En outre, l'objectif « Facteur 4 » correspond à la division par quatre des émissions de gaz à effet de serre à l'horizon 2050 et il a été inscrit dans la loi n° 2005-781 du 13 juillet 2005 de programme fixant les orientations de la politique énergétique.

Les principales mesures adoptées lors de la révision du Plan climat sont reprises dans le Pacte national pour l'environnement annoncé le 4 octobre dernier par le Premier ministre.

On peut ainsi évoquer :

- la création d'un livret de développement durable pour les particuliers en portant le plafond du CODEVI de 4.600 à 6.000 euros, permettant de mobiliser un supplément de 10 milliards d'euros pour des prêts écologiques ;

- le doublement des crédits de l'ADEME affectés au financement des réseaux collectifs de chaleur renouvelable financé par l'affectation de la taxe sur la consommation de charbon ;

- l'accélération du développement des carburants propres avec la promotion du flex-fioul, un mélange à base de biocarburant n'incorporant que 15 % d'essence ;

- l'encouragement à la production de logements sociaux à très haute performance énergétique (THPE), à travers des prêts bonifiés à 2,45 %.

Votre rapporteur pour avis se félicite de cet engagement gouvernemental affiché en faveur de la lutte contre les émissions de gaz à effet de serre . Il s'étonne, a contrario, de l'absence de document de politique transversale (DPT) sur le climat, dont il avait déjà l'an dernier souhaité la définition.
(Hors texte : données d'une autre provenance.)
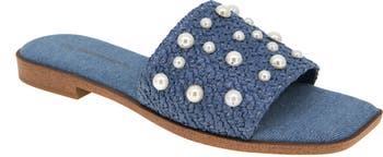 Imitation pearls stand out against the woven raffia upper of a statement-making slide sandal set on a cushioned footbed for comfortable wear.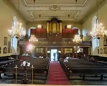 The interior is a single space, undivided by piers or columns. The eastern third was originally marked out as a chancel by means of the floor being raised by one step. The level was raised further during alterations by William Butterfield in 1871–72. The church was built without galleries, but they were soon added on three sides. Hardwick included them in his rebuilding, and the western one remains today.[4]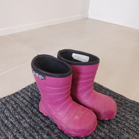 Stormberg lasten lämpökumisaappaat, koko 23. Violetti väri ja harmaa vuori. Saappaissa on kuvioitu pohja paremman pidon takaamiseksi ja varren pituus on keskikorkea. Ehjät ja hyväkuntoiset

Compte tenu du caractère imminent transversal du sujet et du foisonnement des initiatives adoptées récemment, il apparaît indispensable d'identifier clairement les politiques conduites par les différents ministères .

D'après la première maquette élaborée par le ministère de l'écologie et du développement durable, les actions de plus de 23 programmes de différentes missions budgétaires sont identifiées comme contribuant à la politique de protection du climat et représentent plus de 2 milliards d'euros par an . Une annexe permettrait également de retracer l'engagement des différents établissements publics dont l'ADEME qui est fortement impliquée dans la maîtrise de la demande d'énergie et la lutte contre le changement climatique.

L'engagement de Mme Nelly Olin devant la commission des affaires économiques portait sur la création du DPT climat dans la loi de finances rectificative pour 2006, mais il ne semble pas que le projet de loi initial le prévoit, ce que votre rapporteur pour avis déplore vivement .

* 22 Validé par la Commission européenne en décembre 2004, le PNAQI a fait l'objet du décret n° 2005-190 du 25 février 2005.